Of laboratory tests many have been devised. While all yet leave much to be desired, still through their application the majority of mental defectives can be detected. Fairly accurate standards of normality have been established from which the relative degree of “backwardness” can be determined. We have just awakened to the importance of detecting defectives early in life, hence many of our tests have been planned with reference to children. They are based not so much on training or conscious learning as on fundamental processes which develop at certain ages in children. Another impetus toward securing adequate criteria of mental deficiency has been the crying need of having some easily applied standard for detecting the very large numbers of defective immigrants who are continually seeking to enter the United States.

Most of the methods consist of “performance” tests which are planned to test the powers of perception, concentration, application, ingenuity and education of the subject. Previous environment, education and the difficulties under which the subject may be laboring at the time of the test must, of course, be taken into account. It is particularly difficult to get adequate tests for the immigrant which will enable one to distinguish between ignorance, stupidity, fear and temporary psychic depression on the one hand, and congenital mental deficiency on the other.

Perhaps the most successful single set of tests for mental deficiency is that known as the Binet-Simon Scale. From an examination of large numbers of French school children Binet constructed a scale of tests of increasing complexity accurately graded to age and previous training of the average normal child. In the Binet-Simon system tests are given for each age from three years to thirteen. When a child successfully passes the tests for his age he is classed as normal. If he succeeds only in tests which normally are those given for a child a year younger then he is backward to the extent of one year. Similarly he may show by these graded tests that he is backward to the extent of two years, three years and so on. If a child is more than three years backward according to the test he is regarded as mentally defective. Various corrections and adjustments of the original scale have been worked out to allow for unevenness in mental development. On the whole the scheme works out satisfactorily when applied by one skilled in its use. The attitude of the examiner, however, is of so great importance that the tests are of less value in the hand of inexperienced workers. A revision of the scale to adapt it better to American children has recently been made by Doctor Goddard.[10] Besides the Binet-Simon tests various performance tests, standardized for children of different ages, such as Seguin’s form board, Healy’s pictorial completion test, Fernald’s construction puzzle, the Rossolimo test, De Sanctis test, etc., are used by different investigators. Questions designed to reveal moral tone are also employed. Doctor Howard A. Knox, assistant surgeon United States Public Health Service, in a recent article[11] gives an interesting account of the tests applied to determine the exact mentality of immigrants entering the United States together with a brief review of various tests. A full account and discussion of the various tests for the mentally subnormal will be found in a recent publication by Doctor William Healy,[12] director of the Juvenile Psychopathic Institute, Chicago.

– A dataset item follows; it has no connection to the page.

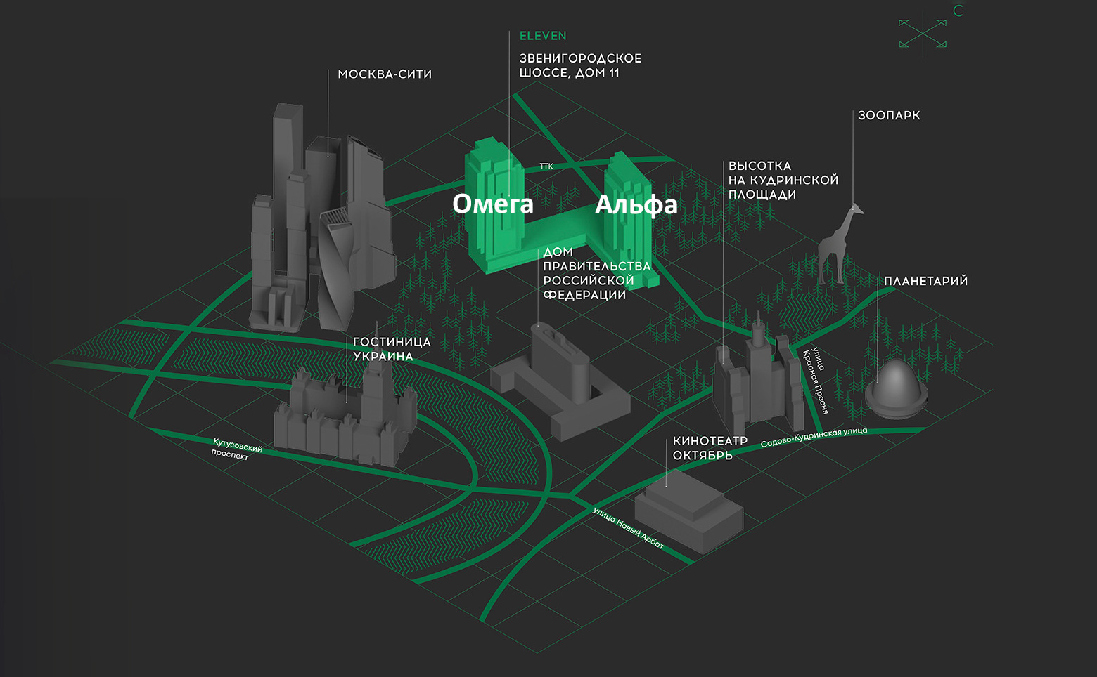 Eleven строится в тихом Краснопресненском районе с развитой инфраструктурой. В пешей доступности от новостройки работают школы и гимназии, крупные торговые центры, медицинские учреждения, почта, зоопарк, рядом находится парк Декабрьского восстания. В 10 минутах пешком расположено метро «Улица 1905 года».

The Backward Child in School.—It is only in recent times that we have come to realize the seriousness of the problem which the backward child presents in our schools. It is of the utmost importance to discover early in school life which of the backward children owe their condition to adenoids, defective sight or hearing, poor nutrition, imperfect circulation, or other remediable defects, and which are the victims of innate mental deficiency. The treatment of the individual must be very different in the two cases. In the one the condition can be cured by proper manipulations or other treatments; in the other it can only be ameliorated. All school children who are two or three years below grade should be rigidly inspected by the medical examiner.